On January 12, 2016, NBC announced that Kristen Bell and Ted Danson had been cast in the lead roles for the series. The first synopsis was also released, stating that the show was set to revolve around Eleanor designing her own self-improvement course, with Michael acting as her guide. William Jackson Harper was cast as "Chris" on February 11, 2016, though the character's real name was later revealed to be Chidi. In an interview with GQ, Harper said his audition revolved around his character helping Bell's character after finding out she wasn't working in "The Innocence Project", a workspace where the pair had become friends. On that premise, he said "it was a completely different scenario, but the bones of Chidi were essentially there". After he got the part, he was told the real premise of the show in a meeting with Schur and Goddard.

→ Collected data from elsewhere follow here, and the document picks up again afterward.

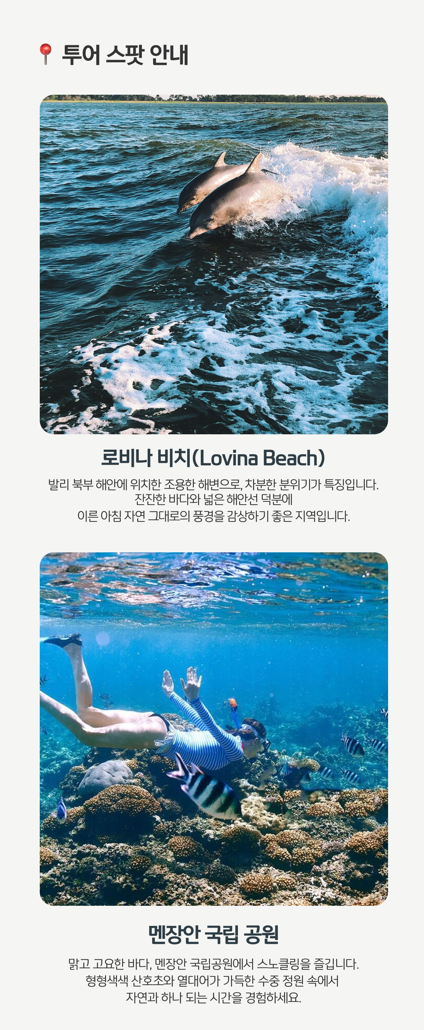 [발리북부] 돌고래 일출 & 멘장안 스노클링 인생샷 데이투어 평점 5 · 리뷰 10건 포함 호텔↔투어장소 이동(차량) 기사(영어) 돌고래 일출&스노클링 전용 보트 관광지 입장료 스노클링 장비 점심 식사 불포함 아침 식사,여행자 보험 및 팁,개인 경비 마이리얼트립에서 예약하기 발리 목록 도시 목록
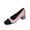 Туфли на высоком каблуке во французском стиле с небольшим ароматом, новый стиль на весну-осень 2024 года с лоскутным узором, украшенным мелкими жемчужинами, туфли на высоком каблуке
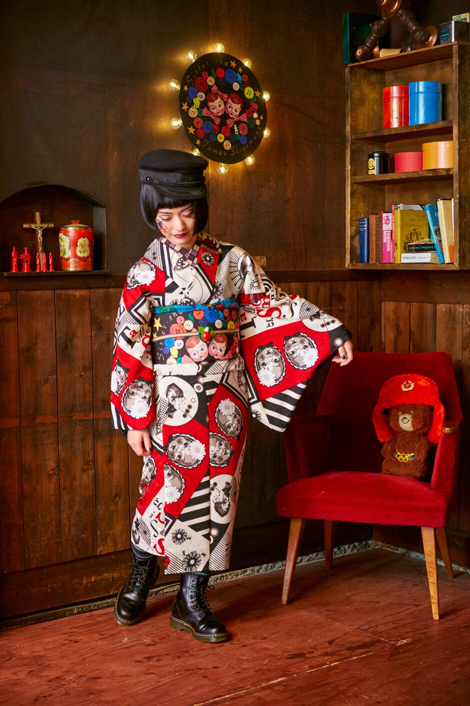 シスターシャちゃんが被っている三角頭巾からロシアを連想し、私も大好きなロシアンアヴァンギャルドのデザインに。シスター社のアクセサリーでよく出てくるてんとう虫、私が大好きな蟻のモチーフなど、私とシスター社の好きなものも盛り込みました。」
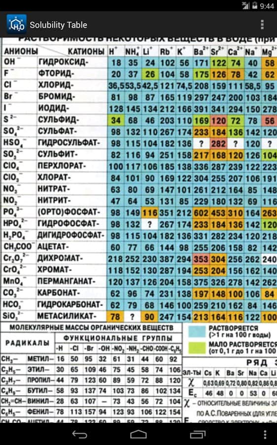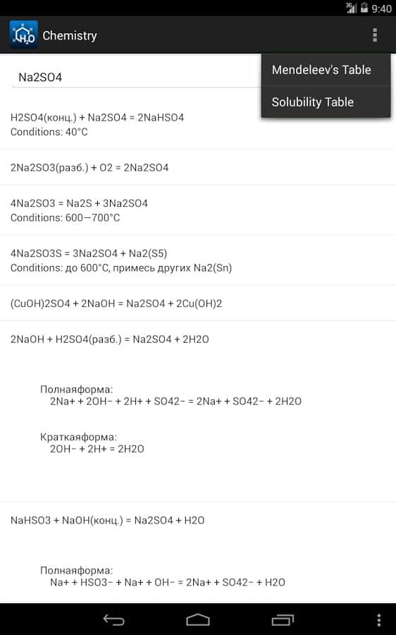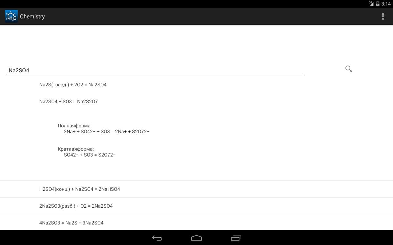 Kimya – Denis Chaschin tarafından geliştirilen Android için harika ve vazgeçilmez bir uygulama olup, kimyasal zincirlerin, birden fazla bilinmeyenli denklemlerin çözümünde öğrenciler için gerçek bir buluş olacaktır. Ayrıca organik kimya formüllerinin gösterimi ve iyonik reaksiyonların aranmasını içerir. Uygulama ayrıca Periyodik Tablo ve maddelerin çözünürlük tablosunu da içermektedir. Kullanın!
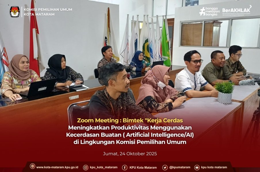 #TemanPemilih, Jum'at (25/10) KPU Kota Mataram mengikuti kegiatan Webinar terkait Integrasi Alur Kerja Menggunakan Kecerdasan Buatan dalam Pemilu, yang diselenggarakan oleh Komisi Pemilihan Umum Republik Indonesia secara Daring, Jumat, 24 oktober 2025.
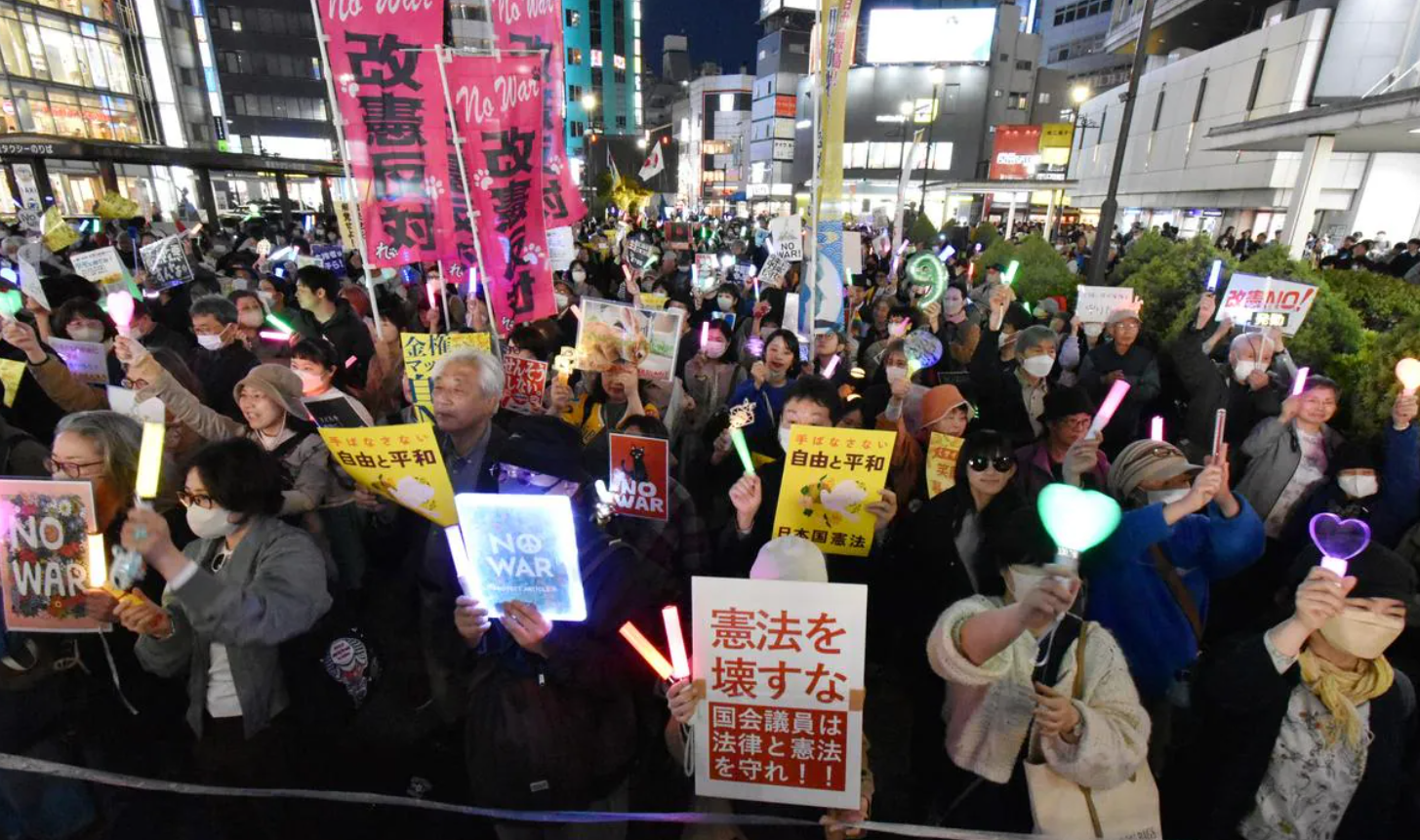 日本多名在野党高层与超6000民众5日晚在东京举行集会,抗议日本政府为武器出口“松绑”及推进大规模军事扩张等政策。图为抗议者手持“反对修改宪法”“不要战争”等标语。 (图源:日媒)

Jameela Jamil was cast as "Tessa" on February 25, 2016, and her character was renamed Tahani. That same year, on March 3, Manny Jacinto was revealed to have been cast as a "sweet and good-natured Jason" whose "dream is to make a living as a DJ in Southern Florida". On March 14, 2016, D'Arcy Carden was cast in the final series regular role as Janet Della-Denunzio, described as "a violin salesperson with a checkered past". Though the character's actual profession is different in the show, where Janet serves as a programmed guide, she retained her original first name in the series, with it being reported in 2018 that the writers on the show purposely gave news publishers false information on her character.

==Reception==
===Ratings===
In its original American broadcast on September 19, 2016, "Everything Is Fine" was seen by an estimated 8.04 million household viewers and gained a 2.3/8 ratings share among adults aged 18–49, according to Nielsen Media Research. This means that it was seen by 2.3 percent of all households with television, and 8 percent of all households watching television at the time. The Good Place was the second most-watched show on NBC for the night (behind The Voice), first in its timeslot and fourth for the night in the 18–49 demographics, behind Kevin Can Wait, The Voice, and The Big Bang Theory. After several days, viewing of the episode from DVRs increased the episode's audience reception across the United States to around 12 million people, making it the most-watched comedy series premiere of the 2016–17 United States network television season.

===Critical reception===
Overall, the episode received generally positive reviews from critics. In a review from an advance screening at San Diego Comic-Con, Matt Fowler of IGN gave the episode a 7.2 out of 10. He described the show as "a whimsically bureaucratic look at the afterlife" that could "stand on its own as a slice of unique, fun TV". He noted that Bell and Danson "delight" but "the rest of the ensemble needs work". Dennis Perkins of The A.V. Club gave the premiere and the following episode, "Flying", an A−. He praised Schur's version of the afterlife, remarking that "the good place's rules and eccentricities [are] fairly bursting with comic ingenuity and fiddly little bits of weirdness that promise a renewable supply of laughs and interest." He also called Bell "the perfect choice for Eleanor, as her innate brightness keeps us rooting for Eleanor to brazen her way through her mistaken admittance to paradise." In another review of the first two episodes, Noel Murray of Vulture gave 4 out of 5 stars, calling the show "clever, funny, and pleasantly familiar". He remarked, "Teasing a few mysteries is always a strong way to launch a series, though The Good Place doesn't dwell on them at the expense of telling good jokes."